- _YOUR ASSIGNMENT_: Repeat the listing exactly. The images do not belong in the copy.

··· STORED DATA

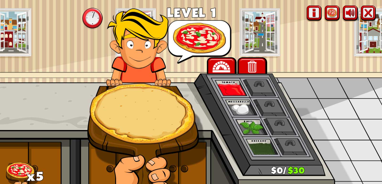 Serve these hungry customers a good meal! Prepare the pizza they want, according to recipes, and collect points! You can find the recipes on the Help section. Don't upset too many customers or you will lose the game!
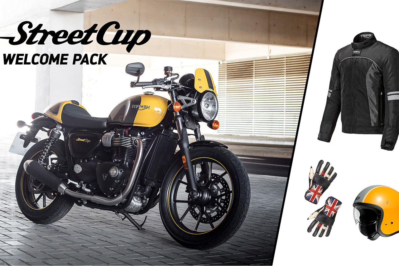 Si estabas pensando en comprarte una Street Cup estás de enhorabuena. En Triumph han decidido ayudarte a tomar la decisión añadiendo a la ecuación un Welcome Pack compuesto por una cazadora, un casco y unos guantes con el más puro estilo Street Racer.
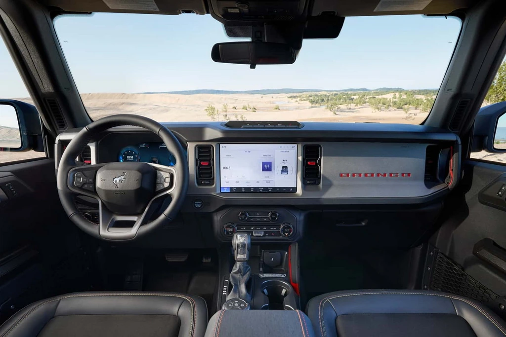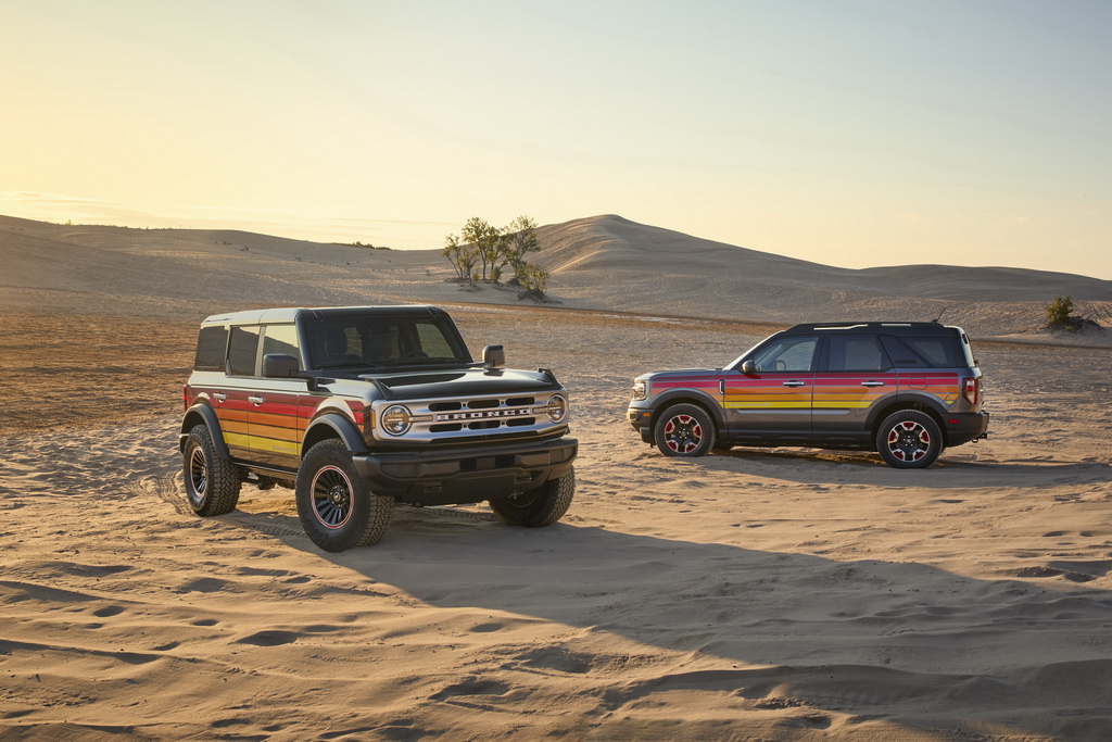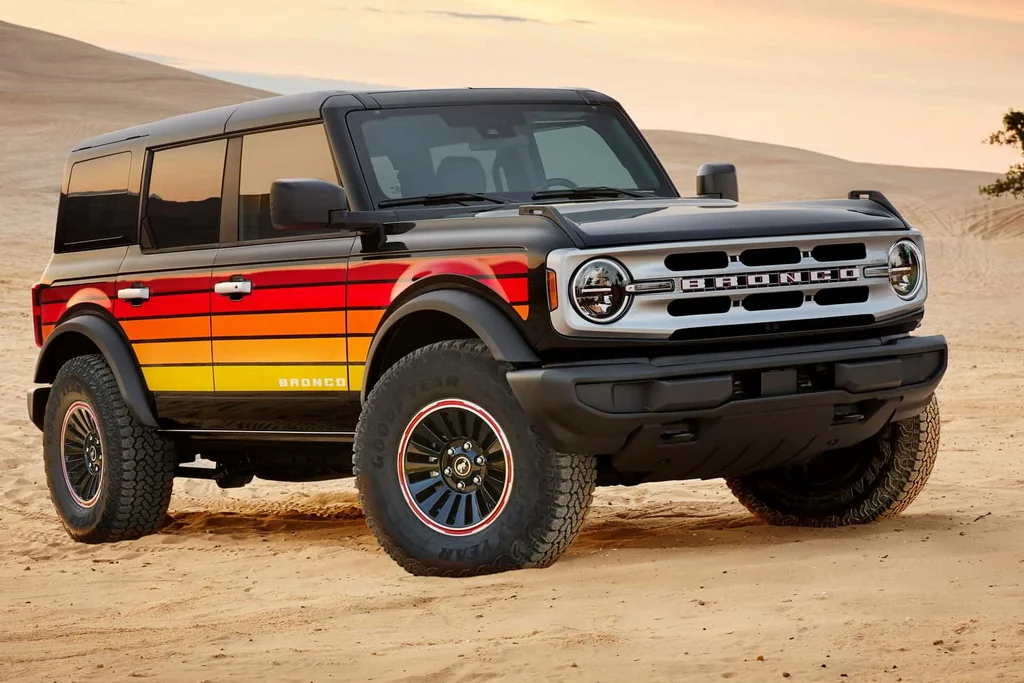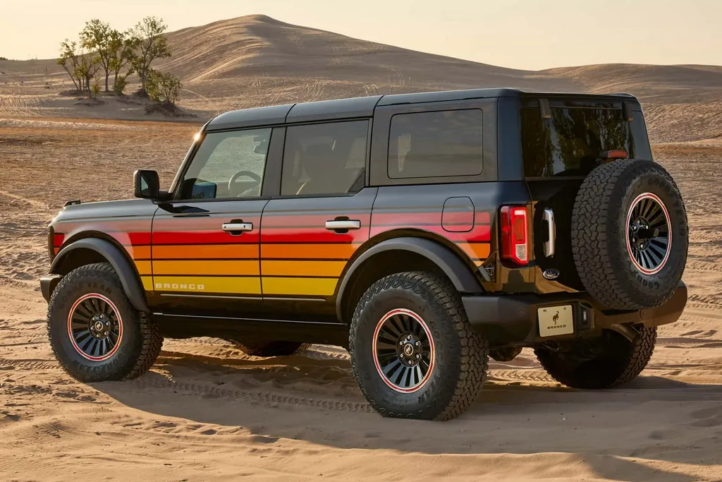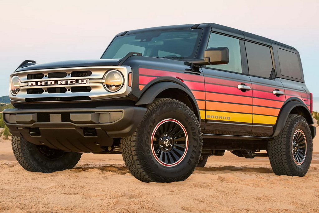 Впервые яркую “градиентную” версию компания подготовила в 2023 году для Ford Bronco Sport. Теперь пришла пора примерить красочную ливрею на “большом брате”. Bronco Free Wheeling получил декоративные аппликации, дверные ручки в цвет кузова, серебристую облицовку радиатора Iconic Silver с красной надписью Bronco, черные 17-дюймовые стальные колесные диски. Также покупатели могут дополнительно заказать пакет Sasquatch, в который входят черные алюминиевые диски с красной окантовкой по краям. Черная съемная крыша Shadow Black доступна вместе со стандартным мягким верхом и жесткой крышей в цвет кузова.

······

- _RESULT FOR THIS TASK_:
 Serve these hungry customers a good meal! Prepare the pizza they want, according to recipes, and collect points! You can find the recipes on the Help section. Don't upset too many customers or you will lose the game!
 Si estabas pensando en comprarte una Street Cup estás de enhorabuena. En Triumph han decidido ayudarte a tomar la decisión añadiendo a la ecuación un Welcome Pack compuesto por una cazadora, un casco y unos guantes con el más puro estilo Street Racer.
 Впервые яркую “градиентную” версию компания подготовила в 2023 году для Ford Bronco Sport. Теперь пришла пора примерить красочную ливрею на “большом брате”. Bronco Free Wheeling получил декоративные аппликации, дверные ручки в цвет кузова, серебристую облицовку радиатора Iconic Silver с красной надписью Bronco, черные 17-дюймовые стальные колесные диски. Также покупатели могут дополнительно заказать пакет Sasquatch, в который входят черные алюминиевые диски с красной окантовкой по краям. Черная съемная крыша Shadow Black доступна вместе со стандартным мягким верхом и жесткой крышей в цвет кузова.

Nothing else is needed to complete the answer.